If it actually mattered, you'd be tracking it. You'd notice when it slipped. You'd hammer on it. You didn't. So, congratulations, you taught your team it doesn't matter.

I had this conversation with a founder this week. He was telling me his team already shares his values. Small company. Careful hiring. Everyone's aligned. No real need to spell things out.

I asked him, "Does your fiancée know you love her?"

He said he hoped so.

"Do you still tell her?"

All the time.

"Why? You already told her. She knows, yeah?"

The same thing applies to everything you care about in your company. Saying it once and assuming it stuck is one of the laziest moves a CEO can make. And I say that as someone who has been the lazy CEO plenty of times.

Here's the pattern I see constantly:

A founder sits down with me, frustrated. An employee dropped the ball on something important. I ask, "are you checking in with them every week?"

No. I established it was super important. They should just do it.

Dude. When you stopped asking about it, that was the exact moment they learned it wasn't important to you.
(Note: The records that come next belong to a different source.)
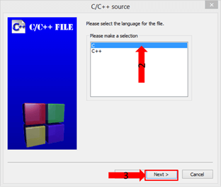 步骤 4) 要创建新文件,请选择“C”文件,然后单击“下一步”按钮继续。
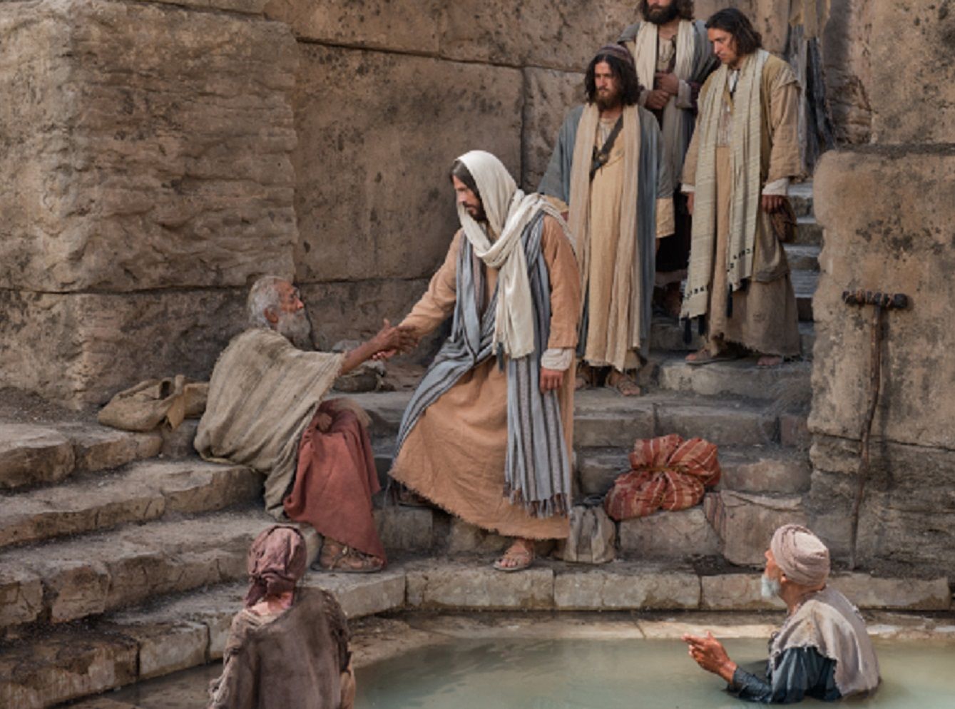 Bijaše ondje neki čovjek koji je trpio od svoje bolesti trideset i osam godina. Kad ga Isus opazi gdje leži i kada dozna da je već dugo u tome stanju, kaže mu: »Želiš li ozdraviti?« Odgovori mu bolesnik: »Gospodine, nikoga nemam tko bi me uronio u kupalište kad se voda uzbiba. Dok ja stignem, drugi već prije mene siđe.« Kaže mu Isus: »Ustani, uzmi svoju postelju i hodi!« Čovjek odmah ozdravi, uzme svoju postelju i prohoda… Ivan 5, 1-9
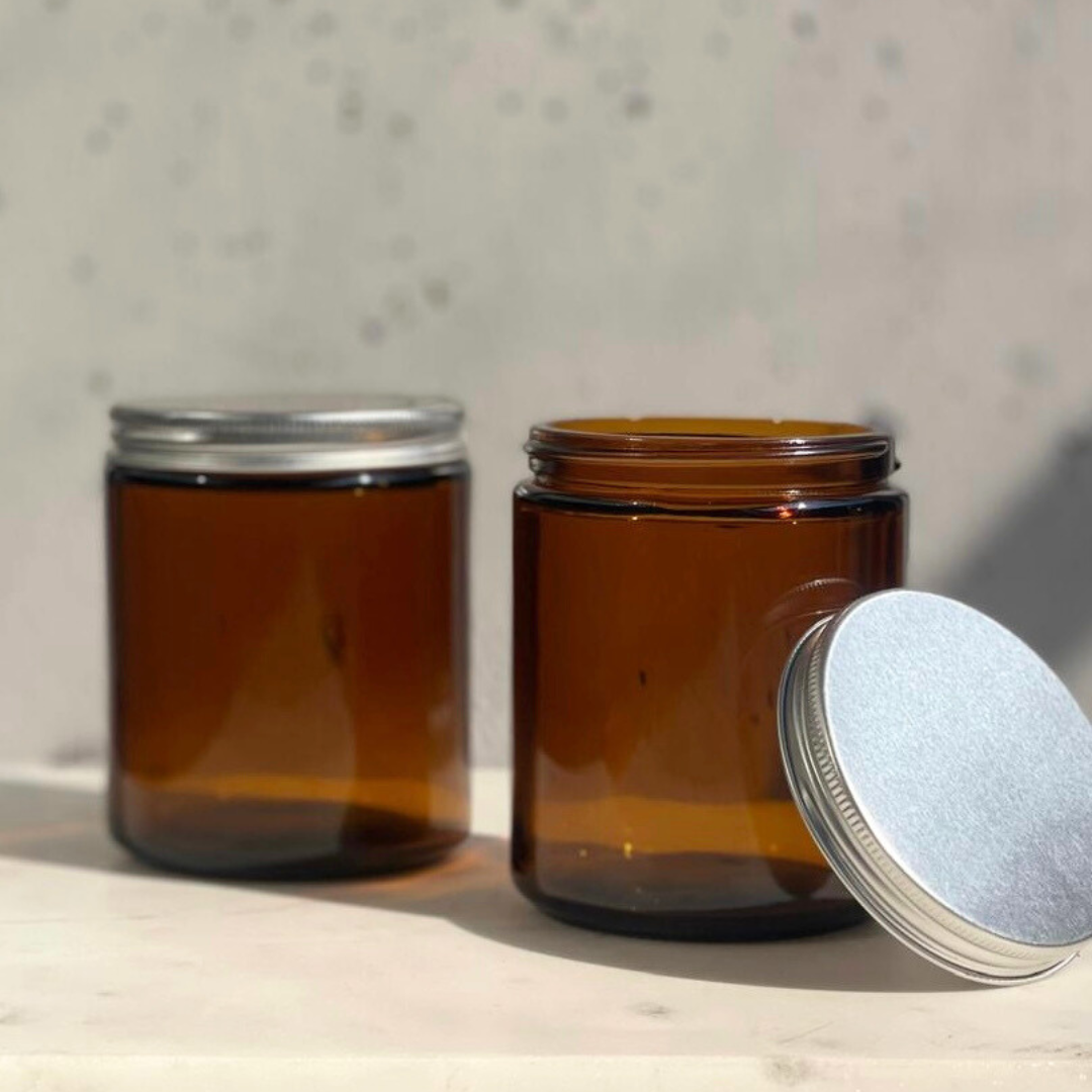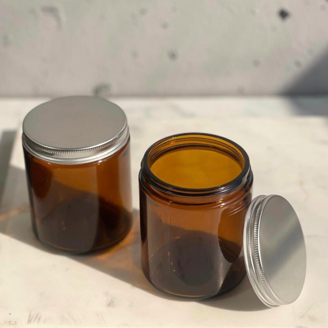 Envase de vidrio color ámbar con tapa de aluminio color plata.

If it mattered, you'd ask about it. You'd track it. You'd follow up. When they stopped doing it, you'd notice and challenge them about it.

You didn't do any of that. You taught them it doesn't matter. They focused on other things.

Your team isn't reading your mind; they're reading your behavior. And your behavior said "never mind."

Say it today. Say it again tomorrow. Say it the day after that. If it matters, never stop saying it.

(Massive h/t to Joseph Logan who taught me both the "does your wife know you love her" question and the "CEO is tired of saying it..." framing. Dude is my Yoda.)